Juan Quiñónez

Personal information
- Full name: Juan Luis Quiñonez Lopez
- Date of birth: 14 June 1987 (age 37)
- Place of birth: Lima, Peru
- Height: 1.79 m (5 ft 10 in)
- Position(s): Forward

Team information
- Current team: FBC Melgar
- Number: 9

Youth career
- Sporting Cristal

Senior career*
- Years: Team / Apps / (Gls)
- 2005: Sporting Cristal
- 2006–2007: Universidad San Marcos
- 2007–2008: Sport Boys
- 2008–2009: Sporting Cristal / 15 / (0)
- 2010–: José Gálvez FBC / 17 / (1)
- 2011–: FBC Melgar / 1 / (0)

= Juan Quiñónez =

Peruvian footballer (born 1987)

Juan Luis Quiñonez Lopez (born 14 May 1987 in Lima) is a Peruvian footballer who plays as a forward. He currently plays for FBC Melgar in the Peruvian First Division.

==Career==
Juan Quiñónez started his career playing in the youth divisions of Sporting Cristal. In 2005, he debuted with the first team.

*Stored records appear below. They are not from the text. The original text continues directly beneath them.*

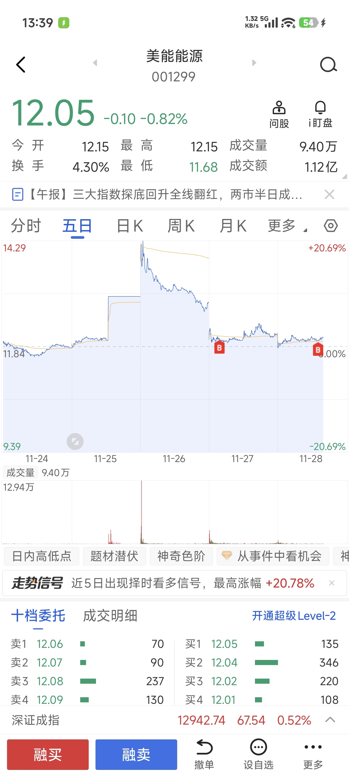 $美能能源(SZ001299)$ 昨天买一手,今天买一手,已满仓,可以涨了
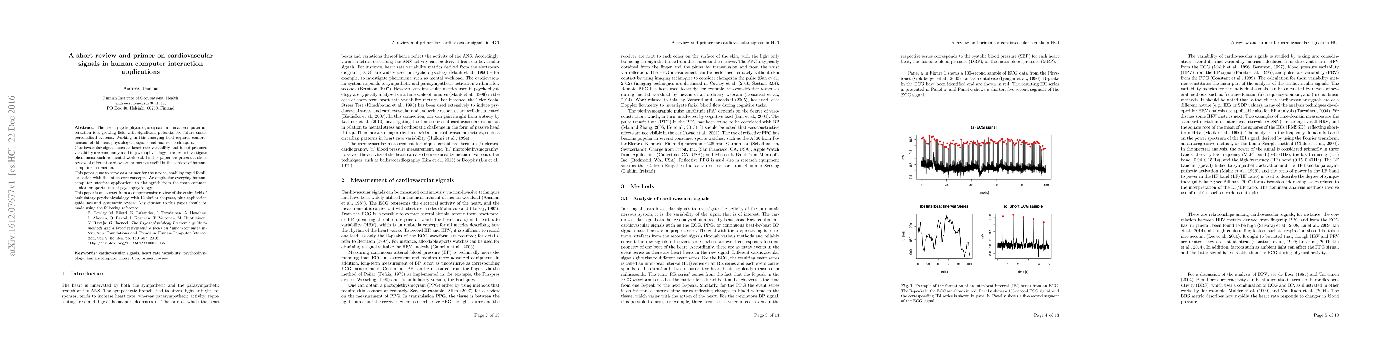 This paper reviews cardiovascular signals like heart rate variability and blood pressure variability for human-computer interaction applications, aiming to familiarize novices with core concepts and distinguish them from clinical or sports uses. It serves as a primer extracted from a comprehensive review of ambulatory psychophysiology.
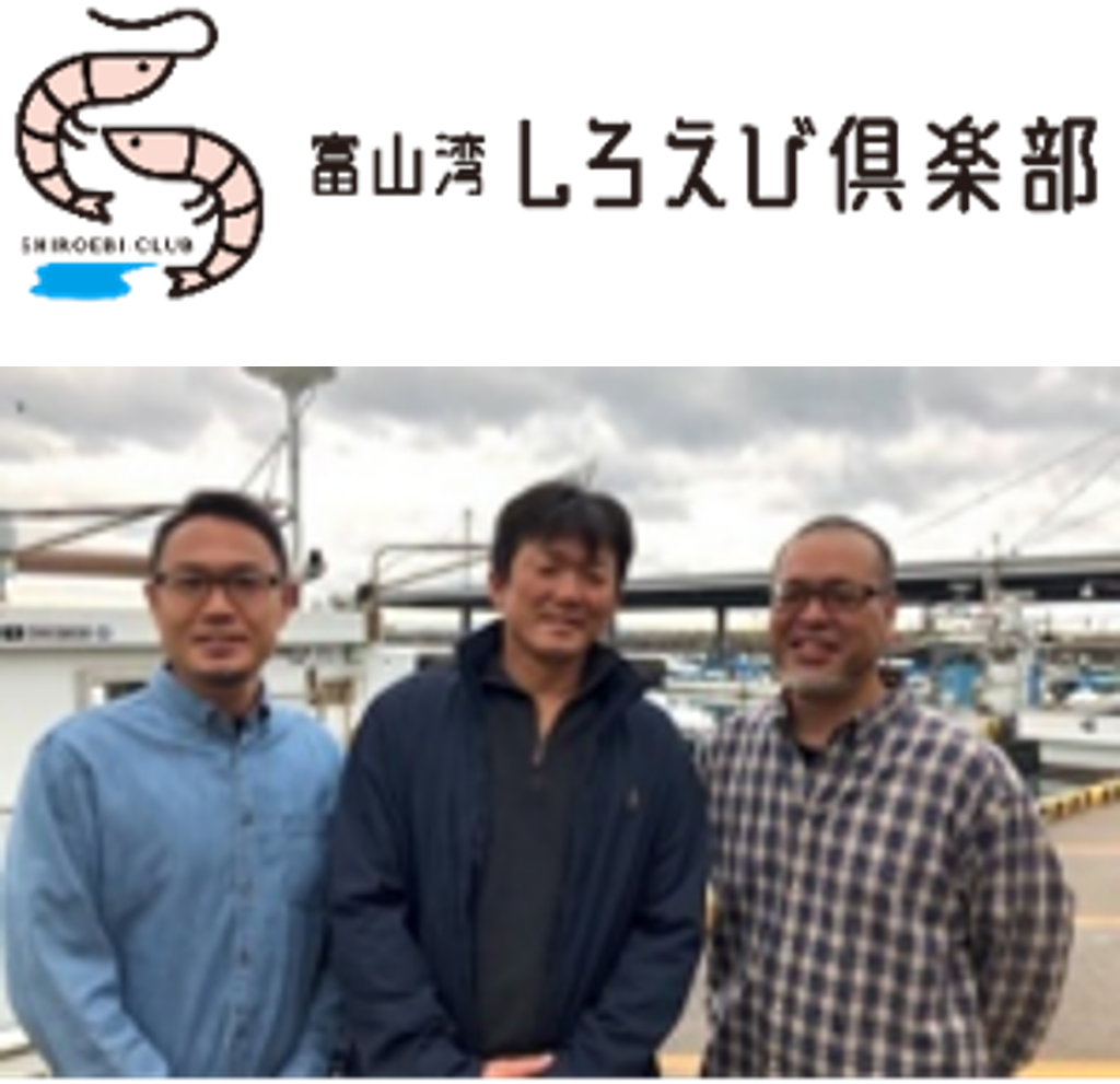 体験見学協力の「富山湾しろえび倶楽部」。富山県射水市の新湊漁協所属のシロエビ漁師3人で同倶楽部を結成し、シロエビの漁獲保全や県外での知名度アップ、さらなるブランド化を目指し活動中。
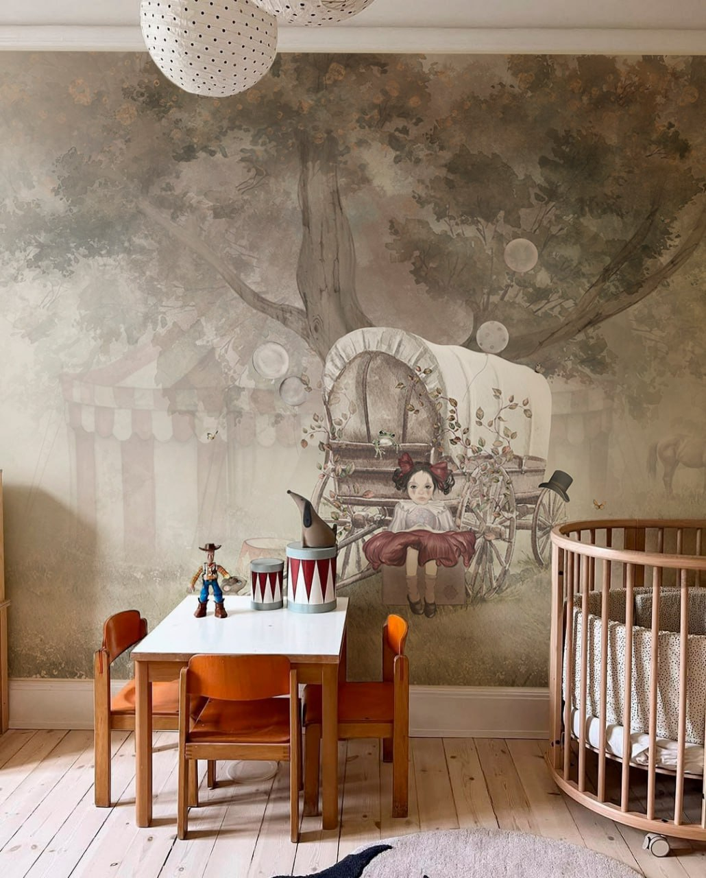 Designul este gândit pentru a funcționa ca un tapet imersiv, cu un efect 3D discret, care oferă profunzime și transformă peretele într-un accent de design memorabil. Acest fototapet 3D se integrează perfect într-o cameră de copil, dar poate fi folosit cu succes și ca tapet dormitor, tapet living sau chiar în hol de intrare, pentru un decor contemporan cu aer artistic. Ilustrația delicată contribuie la înfrumusețarea camerei și creează o experiență vizuală unică.
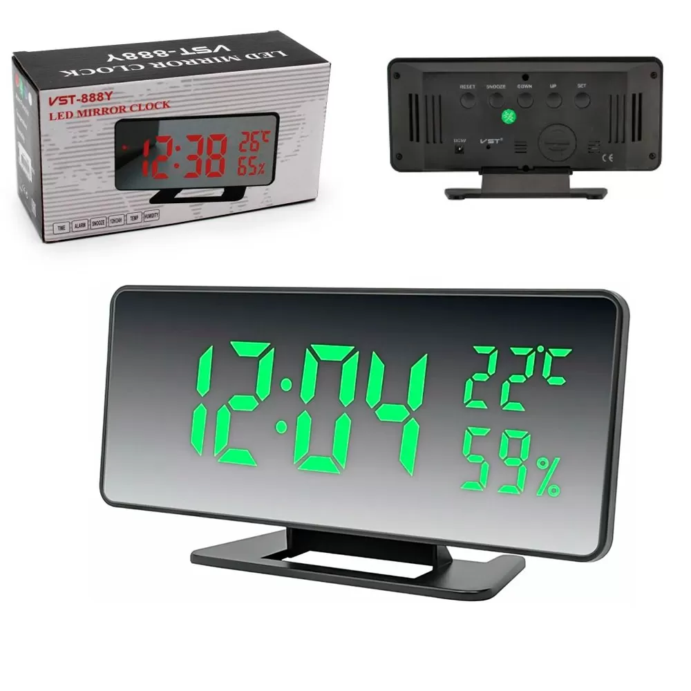 Часы настольные VST VST-888Y 7006 имеют интересный зеркальный дисплей. Светодиодная подсветка позволит даже в тёмное время суток правильно сориентироваться во времени, а настойчивый звонок будильника разбудит в нужное время. Оснащены функциями автоматического измерения температуры, автоматического уменьшения яркости свечения ночью.

In 2006, he transferred to Universidad San Marcos in the 2nd division, playing with them until the first half of 2007. He later transferred to Sport Boys staying until 2008. In 2009, he transferred to his current club Sporting Cristal.

Quiñónez was part of the U-20 Peru squad that played in the 2007 South American Youth Championship.